At LBNL, desktop will never go away – but expect that staff will use the portal to do work.

There are synergistic opportunities across communities – e.g. my.UCLA’s use of calendar between students and faculty.

Allows decoupling presentation layer from multiple backends, and providing a single cohesive UI.

Need for support for “deep linking” – linking to pages that are embedded several layers down in a website, without worrying about directory names changing, etc. Need standards for naming, or?

How can one make dynamic content searchable in Google? [Some of this discussion went over my head.]

Problems with ownership of content. Help Desk gets calls asking about content they don’t understand or maintain. BLINK has standards & guidelines for being a part of the portal that include time to respond to questions, availability, etc. Every page has a happy and sad face for user feedback that routes same to the page owner.

David Walker did a presentation on current and evolving standards. [David – please email your slides to everyone.]

What can we do together?

Need minimum standards across the UC system.

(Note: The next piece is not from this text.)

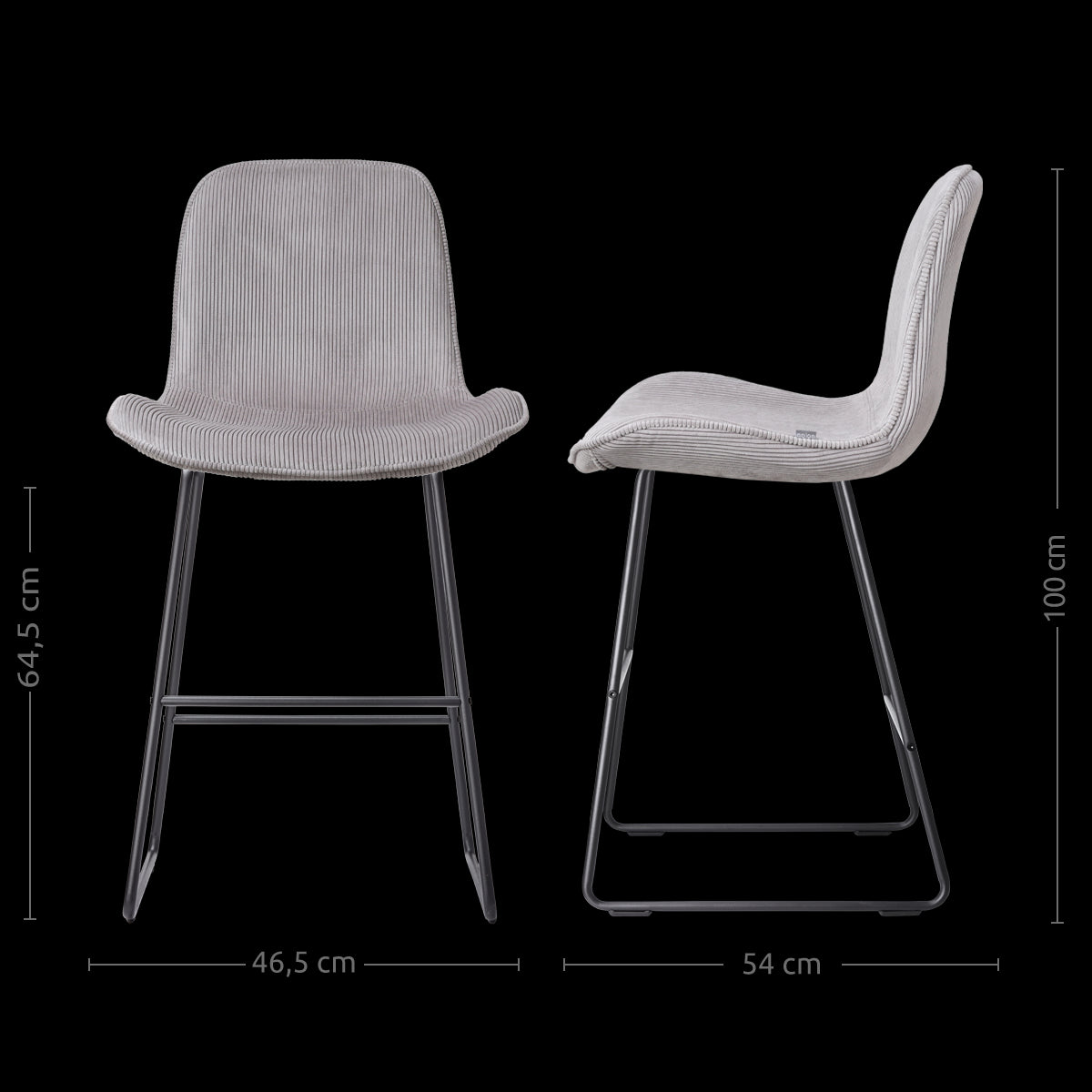 - Dankzij de zithoogte van 65 cm geschikt voor aan een kookeiland of keukenblad met een hoogte van ca. 88-95 cm

The group agreed to adopt WSRP for supporting remote applets between campuses (and among portals at a campus.) They also agreed to use RSS for text exchange. JSR168 will be used within portals for surfacing applications.

I don’t think we reached any consensus on document standards (OASIS and DOC Book were mentioned as potentials.)

There needs to be a way to discover what other people are working on so that we can identify potentials for sharing. David Walker agreed to repurpose the old portal web page and email list (used years ago for the portal RFP group) for this group’s use. We will use it as a clearinghouse. Margo agreed to work up a matrix for portal projects to fill out describing their project that can be kept on the web site.

It was agreed, in terms of pilot projects, that it makes the most sense for UCOP to propose something, with OP developing an applet and an RSS feed that campuses can then surface in their local portals. Title and Pay Plan was mentioned as one possibility – Irvine has done this, but it would require rework to accommodate the differences at different campuses. An RSS news feed from the UC President is also a possibility. A subscription service for changes in travel policy was requested or an RSS feed with Benefits News. Also, a “View my Paycheck” applet or a retirement calculator. Bruce & Chet will talk to Benefits and others within OP about possibilities and will come back to the group with a proposal.

UCLA will send it’s taxonomy out to the group. UCLA and UCSD have already agreed to standardize taxonomy between them. Other campuses will evaluate and decide if they can also do that.

We will report back to ITLC at their next meeting on what we have agreed to.